Render Queue Design

Started by
12 comments, last by agleed 9 years ago
Hi.

I'm trying to understand in detail how to program a render queue, in
particular the way L. Spiro has explained in several posts.

This is what I think she has said:

Each camera and light that cast shadows has a render queue set.

A render queue set is composed of two render queues, one for opaque
submeshes and one for alpha submeshes:

class Render_queue_set {
        Render_queue opaque_queue;
        Render_queue alpha_queue;
};
A render queue is a sequence (array, vector, etc.) of render items.

class Render_item {
        Model *model; // Not sure
        Mesh *mesh; // Not sure
        Submesh *submesh; // Not sure
        Shader_id shader_id;
        int num_textures;
        Texture_id textures[MAX_TEXTURE_UNITS];
        float depth; // Distance from model (or mesh?) to the camera
};
Render procedure for each viewpoint:
- The Scene Manager collects models than are in view (frustrum culling,
occlusion culling, etc.).
- Tell each collected model to push items to the render queue set.
- Sort the render queues.
- Sort only indices.
- Take advantage of per-frame temporal coherence.
- For each render item in the render queues (first opaque and second
alpha) tell the mesh (or model?) to render the item.

I'm not sure if a render item of the L. Spiro design needs pointers to model,
mesh and/or submesh. In my current engine, I would need the three pointers because:
- The model has the matrices I need to set uniforms.
- The mesh has the vertex buffer (I share the same vertex buffers for all
submeshes) and currently a submesh doesn't have a pointer to his mesh.
- Each submesh has the index buffer and the material.

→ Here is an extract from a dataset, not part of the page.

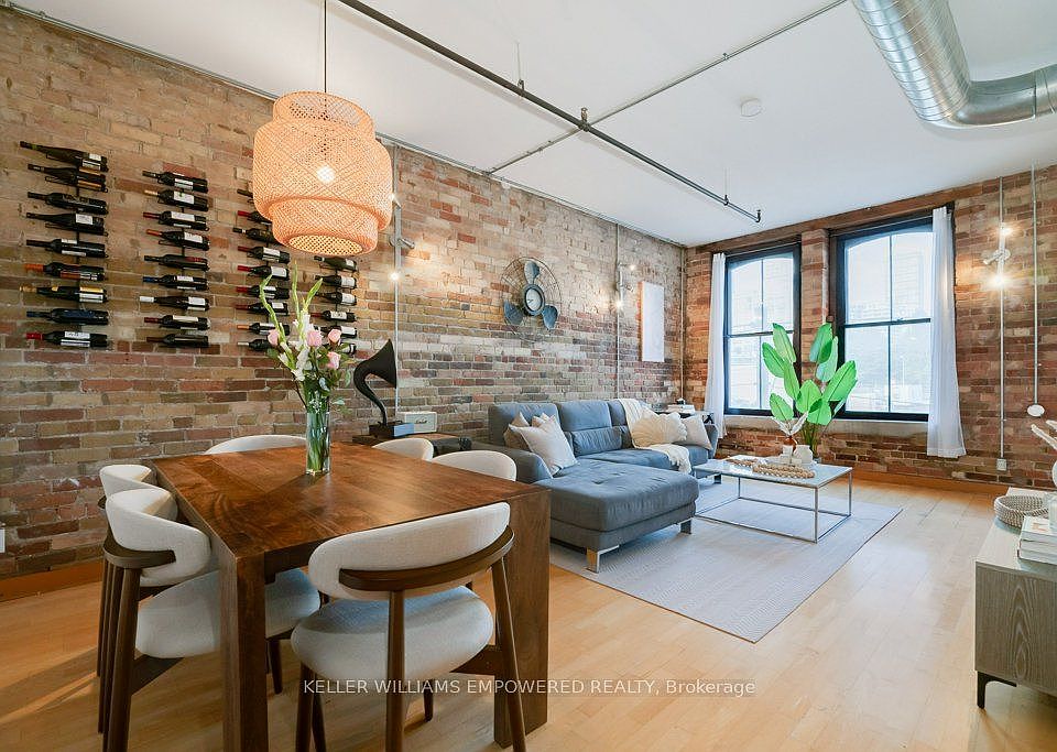Welcome to Suite 5 of the Boiler Factory Lofts, a boutique heritage conversion with only 11 units. This is a rare opportunity to own a piece of history with exceptional value potential, thanks to the upcoming Ontario Line subway and redesigned park across the street. This true hard loft with low monthly fees offers 890-sqft featuring exposed brick & beams, 10-ft ceilings, oversized windows flooded with natural light, and a 30-ft statement chalkboard wall. The fully upgraded kitchen boasts ceiling-high cabinets and features a Viking professional gas range and hood, Blomberg fridge, Grohe semi-professional faucet, and Franke fireclay farmhouse sink. Thoughtful layout includes spacious bedroom that can easily accommodate a king-sized bed, formal dining area, two closets, ensuite storage unit, and laundry closet. Experience total Zen in your own 243-sqft. private rooftop terrace with striking skyline views, a true urban oasis for relaxing or entertaining. Convenient parking on Britain Street with direct rear access to the building. With a walk score of 98, you are steps to St. Lawrence Market, Distillery District, Financial Core, Eaton Centre, multiple parks, and have quick access to the Gardiner and DVP.

http://www.bytenjoy.com | [twitter]Bytenjoy[/twitter]

Advertisement
I think you're in the right direction.
To make this really beneficial you can make a "key" (bitkey) for each renderable, so you can use bitwise sorting to sort anyway you like. For example on depth (far to near for non-opaque objects). In the end I think the definition of an object in this case is a renderable/subobject (set of vertices/polys which share a transformation and material), because these properties you need for sorting. For any "higher level" with more transforms, materials etc., the sorting would be less useful.

Here's a nice topic on the bitkeys and sorting:
http://www.gamedev.net/topic/659607-sorting-a-bucket/

Reading your question I'd say you got the basics to start off and see how it goes along the way

Crealysm game & engine development: http://www.crealysm.com

Looking for a passionate, disciplined and structured producer? PM me

The model has the matrices I need to set uniforms.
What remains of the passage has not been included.